_WHAT YOU NEED TO DO_. The answer must consist solely of the lines from the start of the records through the line containing "在紅色黨建VR科技展示館內(nèi),黨", restated word for word, with no pictures.

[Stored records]
· · · · ·

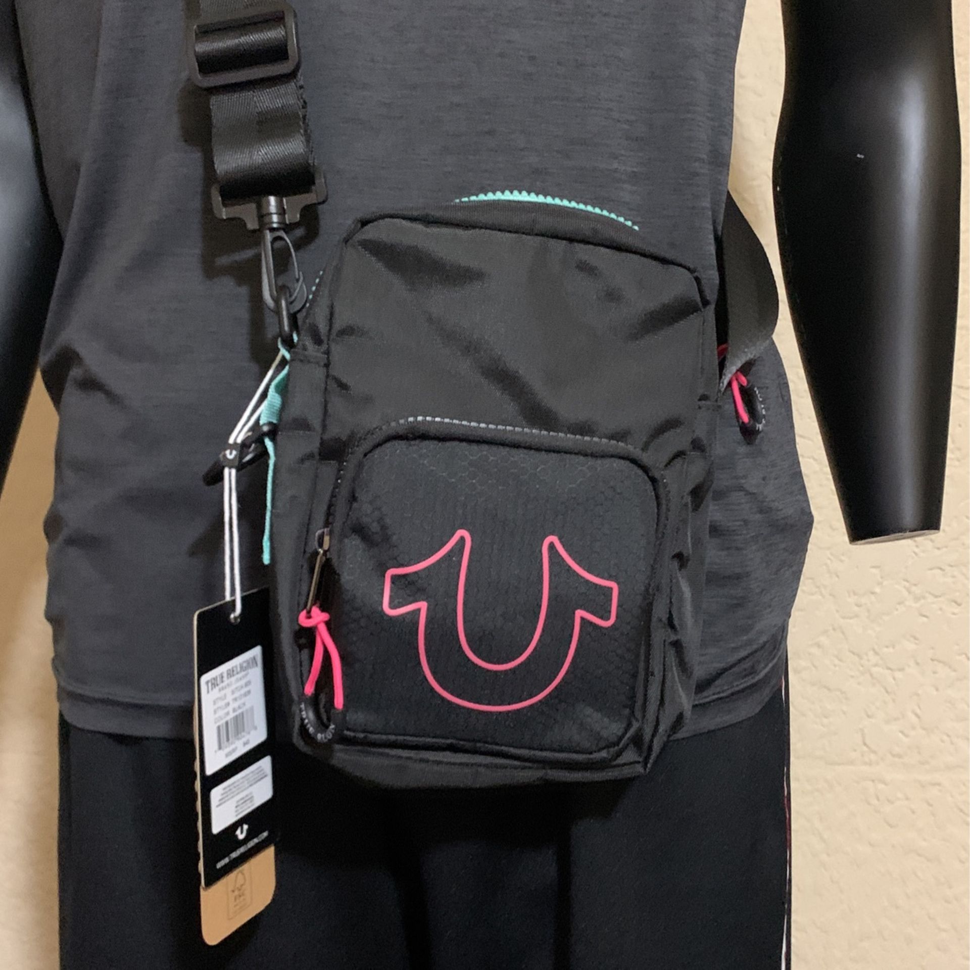 True religion crossbody bag with key ring/water bottle ring Miami vice/Miami heat colorway Pink/teal/black $35 Pick up or local meet up only
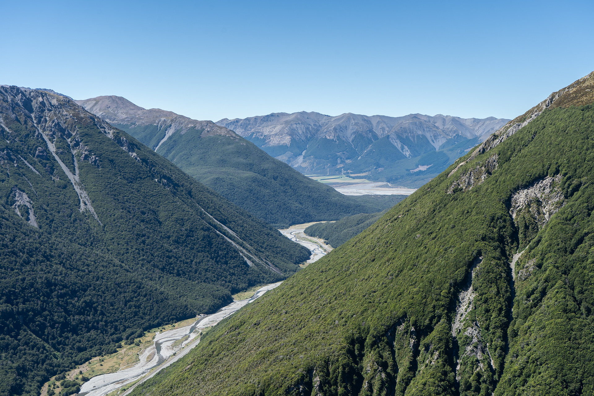 Looking down the Bealey Valley to the confluence with the Waimakariri.
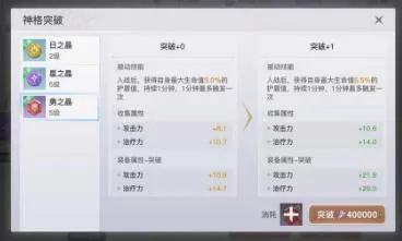 神格可以使用同类的碎片进行突破,每突破一层都会加收集属性以及装备属性。
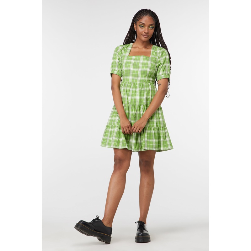 Gingham Dress- Short, Puffy Sleeves- Tiered Skirt- Bust And Waist Darts- Tie At Back Neck- Low Cut Back Shape- Made From Organic Cotton- Available In GreenProduct Code: DGFU207005
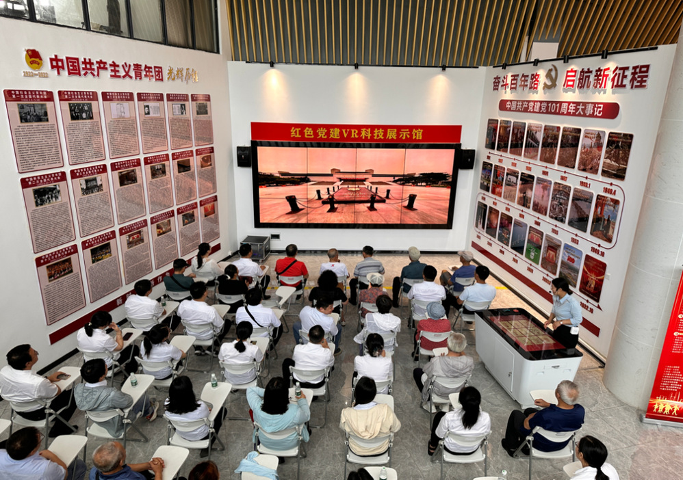在紅色黨建VR科技展示館內(nèi),黨員集中觀看了紅色視頻,并在紅色講壇前重溫入黨誓詞。大家面對鮮紅的黨旗,緊握右拳,莊重地重溫入黨誓詞,進一步堅定了入黨使命和奮斗初心。
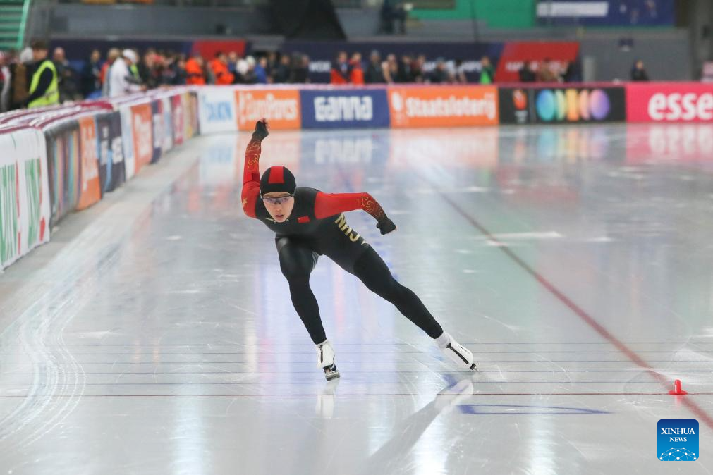 Yin Qi of China competes during the women's 1500m at the ISU World Speed Skating Single Distances Championships in Hamar, Norway, March 16, 2025. (Xinhua/Zhang Yuliang)
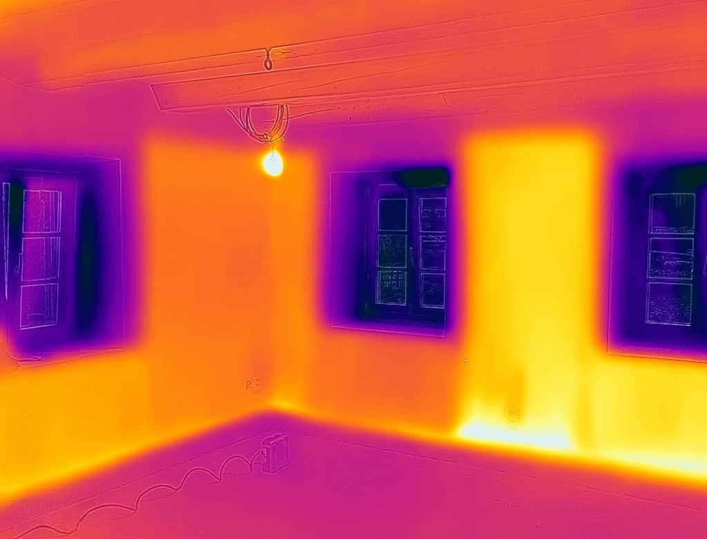 Tyto termovizní snímky ukazují rozložení teploty na nainstalované Klimastěně® (strop i stěna). Díky Tichelmannovu zapojení je teplo distribuováno bez teplotních výkyvů, což je klíčové pro maximální komfort a úsporu energií.
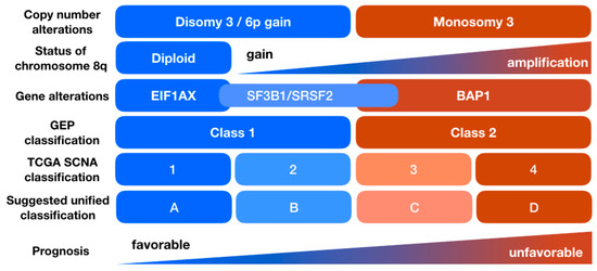 An overview of UM subtypes. Prognostic classes can be inferred from either somatic copy number alterations (SCNA), gene alterations, or gene expression. The A, B, C, and D classification was suggested to avoid confusion between the numerical classification used in both the Cancer Genome Atlas (TCGA) and the commercially available test (GEP classification).
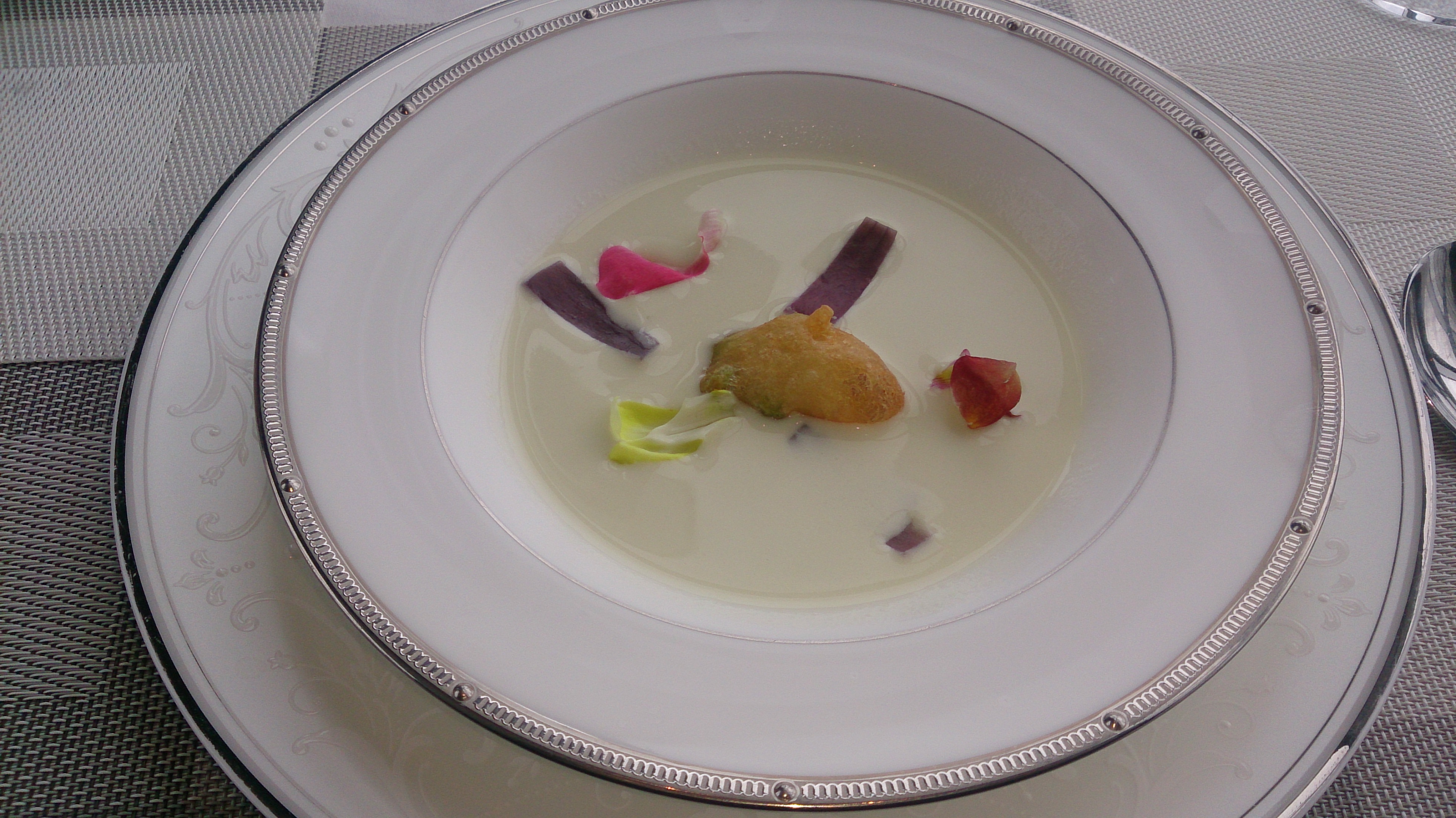 スープのうきみは、枝豆のフリットと紫たまねぎ、お花でした。
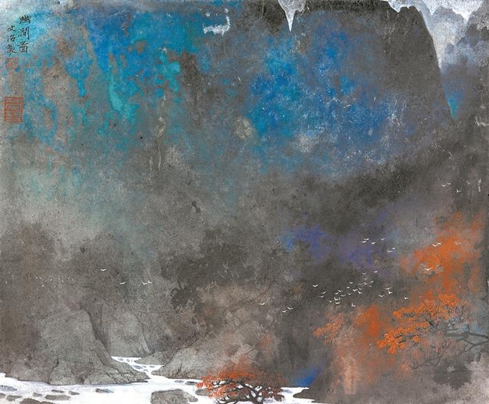 晚年,宋文治開始了以潑彩法入畫,在嚴謹?shù)姆ǘ戎腥谌肓嗽S多偶發(fā)性的生動效果,畫面從此氤氳彌漫、色彩斑斕,其個人風格亦發(fā)生了較大變化,使“宋家山水”的面貌進一步得到確立。此次展覽共展出宋文治所創(chuàng)作的四十多件精品,這些作品主要展現(xiàn)宋文治藝術從“中年出新”到“老年求變”的創(chuàng)作軌跡及藝術面貌。
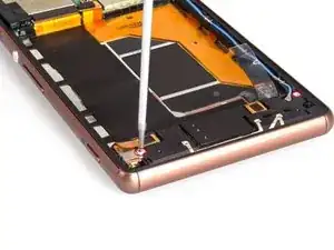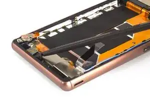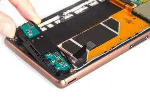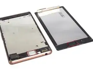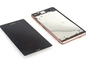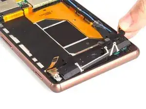 Необычная конструкция: слуховой динамик приклеен к переднему стеклу Sony Xperia Z3, а не к несущей рамке. Это означает, что можно снять ЖК-экран вместе со слуховым динамиком или отделить динамик от его крепления.

· · · · ·

_REPLY TO THE EXERCISE_.
 True religion crossbody bag with key ring/water bottle ring Miami vice/Miami heat colorway Pink/teal/black $35 Pick up or local meet up only
 Looking down the Bealey Valley to the confluence with the Waimakariri.
 神格可以使用同类的碎片进行突破,每突破一层都会加收集属性以及装备属性。
 Gingham Dress- Short, Puffy Sleeves- Tiered Skirt- Bust And Waist Darts- Tie At Back Neck- Low Cut Back Shape- Made From Organic Cotton- Available In GreenProduct Code: DGFU207005
在紅色黨建VR科技展示館內(nèi),黨員集中觀看了紅色視頻,并在紅色講壇前重溫入黨誓詞。大家面對鮮紅的黨旗,緊握右拳,莊重地重溫入黨誓詞,進一步堅定了入黨使命和奮斗初心。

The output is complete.